How to learn to speak beautifully
- It is impossible to learn to swim, ride a bike, drive a car, etc., by mastering theory alone without practice. In the same way, you cannot learn to speak beautifully if you do not practice speaking as often as possible. For those who want to master the art of eloquence, it will be useful to enroll in public speaking training, the program of which includes a large number of individual speeches.
- Those who are unable to attend training can practice their conversation skills on their own. In conversations with friends and family, we usually relax and do not monitor our speech, so we often use filler words that clog it and prevent us from grasping the meaning. We don't notice these words in our speech, but they irritate us when we hear them from others, for example from TV screens. Some people manage to repeat useless “nuuu”, “uh” almost every other word. It’s interesting to record your speech, and then listen to it and determine whether we are one of those “ekanya-makanya” lovers. If yes, then you can ask someone close to you to control our speech for a while and focus on such moments. For example, every time we pronounce a filler word, turn on an unpleasant sound.

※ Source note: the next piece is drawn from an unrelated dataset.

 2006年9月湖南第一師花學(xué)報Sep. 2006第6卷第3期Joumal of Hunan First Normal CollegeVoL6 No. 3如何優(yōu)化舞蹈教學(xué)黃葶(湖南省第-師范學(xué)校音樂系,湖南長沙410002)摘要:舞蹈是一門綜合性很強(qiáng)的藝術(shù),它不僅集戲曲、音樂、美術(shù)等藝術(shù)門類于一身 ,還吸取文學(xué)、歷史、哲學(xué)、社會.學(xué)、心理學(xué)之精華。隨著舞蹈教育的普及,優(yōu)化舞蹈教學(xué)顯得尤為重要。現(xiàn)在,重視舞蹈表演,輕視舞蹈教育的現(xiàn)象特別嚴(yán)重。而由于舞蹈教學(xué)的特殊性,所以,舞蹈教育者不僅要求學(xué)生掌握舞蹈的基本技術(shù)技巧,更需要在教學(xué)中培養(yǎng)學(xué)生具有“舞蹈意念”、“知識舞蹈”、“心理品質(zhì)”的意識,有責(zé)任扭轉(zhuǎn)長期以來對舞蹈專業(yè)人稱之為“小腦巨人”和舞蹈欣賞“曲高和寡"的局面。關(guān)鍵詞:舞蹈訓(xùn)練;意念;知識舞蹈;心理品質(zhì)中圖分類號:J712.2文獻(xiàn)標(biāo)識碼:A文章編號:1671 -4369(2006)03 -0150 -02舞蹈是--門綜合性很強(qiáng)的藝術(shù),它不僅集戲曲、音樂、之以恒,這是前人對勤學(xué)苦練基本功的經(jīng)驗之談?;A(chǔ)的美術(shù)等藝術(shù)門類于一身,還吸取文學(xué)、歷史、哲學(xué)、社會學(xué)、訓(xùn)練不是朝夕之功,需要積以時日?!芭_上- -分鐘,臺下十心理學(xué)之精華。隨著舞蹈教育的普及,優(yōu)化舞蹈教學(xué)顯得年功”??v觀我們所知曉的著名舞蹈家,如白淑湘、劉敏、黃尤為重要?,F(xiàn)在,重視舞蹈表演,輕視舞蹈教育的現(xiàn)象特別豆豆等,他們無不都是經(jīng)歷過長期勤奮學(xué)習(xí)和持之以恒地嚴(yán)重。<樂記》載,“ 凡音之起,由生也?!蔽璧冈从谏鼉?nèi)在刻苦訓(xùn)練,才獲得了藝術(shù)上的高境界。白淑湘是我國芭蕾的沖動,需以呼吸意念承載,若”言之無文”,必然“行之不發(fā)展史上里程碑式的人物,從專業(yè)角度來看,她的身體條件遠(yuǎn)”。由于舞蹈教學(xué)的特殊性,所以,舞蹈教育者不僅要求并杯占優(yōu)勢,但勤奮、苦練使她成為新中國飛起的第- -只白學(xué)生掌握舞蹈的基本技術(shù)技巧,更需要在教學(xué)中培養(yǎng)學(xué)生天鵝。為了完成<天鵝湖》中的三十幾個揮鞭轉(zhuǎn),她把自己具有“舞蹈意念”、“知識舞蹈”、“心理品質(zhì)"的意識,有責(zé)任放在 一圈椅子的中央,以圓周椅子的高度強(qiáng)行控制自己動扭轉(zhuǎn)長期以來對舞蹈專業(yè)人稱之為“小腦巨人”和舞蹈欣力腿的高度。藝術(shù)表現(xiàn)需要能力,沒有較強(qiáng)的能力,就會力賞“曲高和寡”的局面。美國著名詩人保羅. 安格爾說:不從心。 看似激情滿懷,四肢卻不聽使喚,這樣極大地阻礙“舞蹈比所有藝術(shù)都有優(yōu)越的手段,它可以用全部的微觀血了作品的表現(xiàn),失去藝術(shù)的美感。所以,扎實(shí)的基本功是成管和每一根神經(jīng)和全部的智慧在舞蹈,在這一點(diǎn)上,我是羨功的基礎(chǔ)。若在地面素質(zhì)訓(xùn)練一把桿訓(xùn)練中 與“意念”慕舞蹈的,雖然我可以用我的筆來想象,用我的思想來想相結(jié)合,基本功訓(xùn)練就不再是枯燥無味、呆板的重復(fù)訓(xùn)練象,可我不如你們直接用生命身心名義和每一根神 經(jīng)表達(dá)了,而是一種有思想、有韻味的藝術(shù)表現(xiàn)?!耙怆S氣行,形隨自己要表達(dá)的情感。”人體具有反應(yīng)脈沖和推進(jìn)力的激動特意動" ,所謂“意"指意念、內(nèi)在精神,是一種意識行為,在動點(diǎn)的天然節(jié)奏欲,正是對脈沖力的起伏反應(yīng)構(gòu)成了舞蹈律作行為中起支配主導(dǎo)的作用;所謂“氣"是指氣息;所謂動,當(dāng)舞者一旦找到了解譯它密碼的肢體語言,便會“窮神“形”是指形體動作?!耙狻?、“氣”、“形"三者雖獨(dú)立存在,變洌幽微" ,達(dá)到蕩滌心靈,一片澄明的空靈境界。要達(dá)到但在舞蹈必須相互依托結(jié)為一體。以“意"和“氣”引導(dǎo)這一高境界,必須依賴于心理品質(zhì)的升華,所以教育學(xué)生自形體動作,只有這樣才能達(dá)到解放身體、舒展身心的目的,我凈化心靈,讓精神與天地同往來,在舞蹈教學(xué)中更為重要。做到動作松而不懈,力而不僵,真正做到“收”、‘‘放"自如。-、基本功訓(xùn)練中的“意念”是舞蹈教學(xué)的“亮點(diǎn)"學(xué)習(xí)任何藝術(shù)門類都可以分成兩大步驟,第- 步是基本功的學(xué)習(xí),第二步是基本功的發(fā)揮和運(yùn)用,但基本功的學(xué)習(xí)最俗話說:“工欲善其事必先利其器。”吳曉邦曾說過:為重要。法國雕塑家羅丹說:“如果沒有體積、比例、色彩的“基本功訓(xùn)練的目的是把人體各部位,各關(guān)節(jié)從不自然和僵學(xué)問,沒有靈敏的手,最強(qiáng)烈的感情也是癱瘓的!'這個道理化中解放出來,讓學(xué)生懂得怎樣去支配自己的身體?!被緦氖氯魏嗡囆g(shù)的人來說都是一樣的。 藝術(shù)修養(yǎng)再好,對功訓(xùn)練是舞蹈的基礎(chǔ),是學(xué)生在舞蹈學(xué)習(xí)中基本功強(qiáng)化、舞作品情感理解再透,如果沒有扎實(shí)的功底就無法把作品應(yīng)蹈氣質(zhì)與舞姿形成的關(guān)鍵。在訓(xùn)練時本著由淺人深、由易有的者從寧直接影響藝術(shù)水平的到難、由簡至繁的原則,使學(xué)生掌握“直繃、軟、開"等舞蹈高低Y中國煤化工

- Some people have a habit of speaking too quickly. Perhaps they do this under the influence of emotions, or they subconsciously fear that their speech is uninteresting and will not be heard to the end. You can get rid of this habit by quietly taking a deep breath before each sentence. You should also convince yourself that our speech is interesting and no one is going to interrupt us.
- Our voice should not be quiet and uncertain, otherwise we will not be heard or believed.
- To feel confident, you need to understand the topic of the issue and have the appropriate knowledge, so you need to constantly develop and deepen your knowledge. They say that those who think clearly speak clearly. If a person's thoughts are confused, then his speech will not be of interest.
- Our confidence should not develop into self-confidence. The tone of the conversation should be calm and friendly, not arrogant, even if the other person is wrong. In any dispute, you should mentally ask yourself: “Do you want to be right or happy?”
- During any speech or conversation, eye contact with the audience or interlocutor is important. A shifting gaze or looking at surrounding objects distracts attention and prevents you from concentrating on the topic of conversation.
- Every person should be able to carry on a conversation, even when among unfamiliar or unfamiliar people. To do this, it doesn’t hurt to have several ready-made topics in stock that are not alien to the interests of any person, so as not to get into an awkward position and not engage in a painful search for words, trying to fill an awkward pause.
Good luck in your studies. And most importantly, remember: to learn something, you need to do it, even though it is hard.